I know the option exists for Satellite internet, I'm currently looking into that for my parents land up north near Gravenhurst, Ontario. It is pricey though... & we'll only be getting it when they live there permanently, now it's a weekend getaway spot. Reason I like that idea is the weather is nearly always clear up there! ... If you get Rogers Wireless phone reception you could get Rogers unplugged or whatever it's called.

Only thing you need for that is a power outlet, Rogers phone reception & you get internet for $29/month (1st year...) and then $49/month after that. Speeds aren't half bad I hear.


----------



## keebler27 (Jan 5, 2007)

satellite is what i've heard of people using.

but, please understand i'm not flaming you, but maybe adding a different perspective - cottages aren't meant for computers..... the entire ideology behind 'getting away from it all' has to exist.

my mho.


----------



## johnnyspade (Aug 24, 2007)

keebler27 said:


> but, please understand i'm not flaming you, but maybe adding a different perspective - cottages aren't meant for computers..... the entire ideology behind 'getting away from it all' has to exist.

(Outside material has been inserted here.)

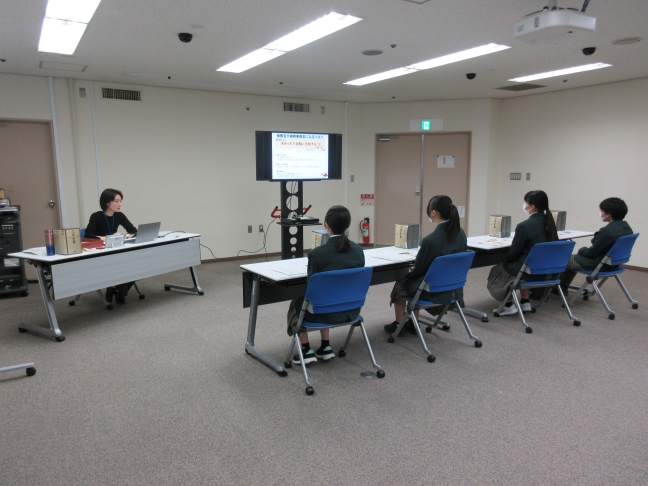 ■実施内容:業務説明、業務体験(事件記録受理体験、証拠品受理体験)、職員との座談会など

It's a good point though there are many times when I'm actually needing to do some work up the lake. The cabin is more like an alternate environment than a vacation spot. My work makes it difficult to be out of touch for too long but the trick is to police yourself to not use the computer too much.

Regarding satellite ... it works pretty well. I believe they promise 6x the speed of dial-up and I've never seen quite that speed but it's decent. Upload speeds are awful, as you might expect.


----------



## retired (Nov 16, 2007)

We live in rural Sask and have limited choices from dial up, Satellite and wireless We chose the wireless and get it through YOUR LINK INC.
YourLink Inc. - Your Link To The World!: Internet Services
They serve areas in BC, Alberta, Sask and Ontario
A good reliable service.


----------



## Suite Edit (Dec 17, 2003)

My parents are in rural Caledon and have tried satellite service from a local "high speed" provider. After investing $1100 in the hardware up-front, they experienced speeds about 2x dial-up and the reliability was terrible. It was so spotty that they were going to switch back to dial-up with a dedicated phone line. Yes, the techs said they had good line-of-sight, and they spent several (I'm sure frustrating) hours on the phone with my parents to no avail.

Then they came across Bell's WiMAX and have been using it for several months now... While it's better than the satellite garbage, it can't sustain ANY sort of reasonable speed. They can't stream music or video, and the speed drops so low that even Apple's software update times out 80% of the time. It's certainly faster than dial-up for loading basic websites, but they have to download any updates through Safari to resume if the connection times out.

Sure, it's newer technology and yes, it's wireless, but for a service advertised as 2Mbps?!? I'd stay away from it, unless you live right next to one of their transmission towers.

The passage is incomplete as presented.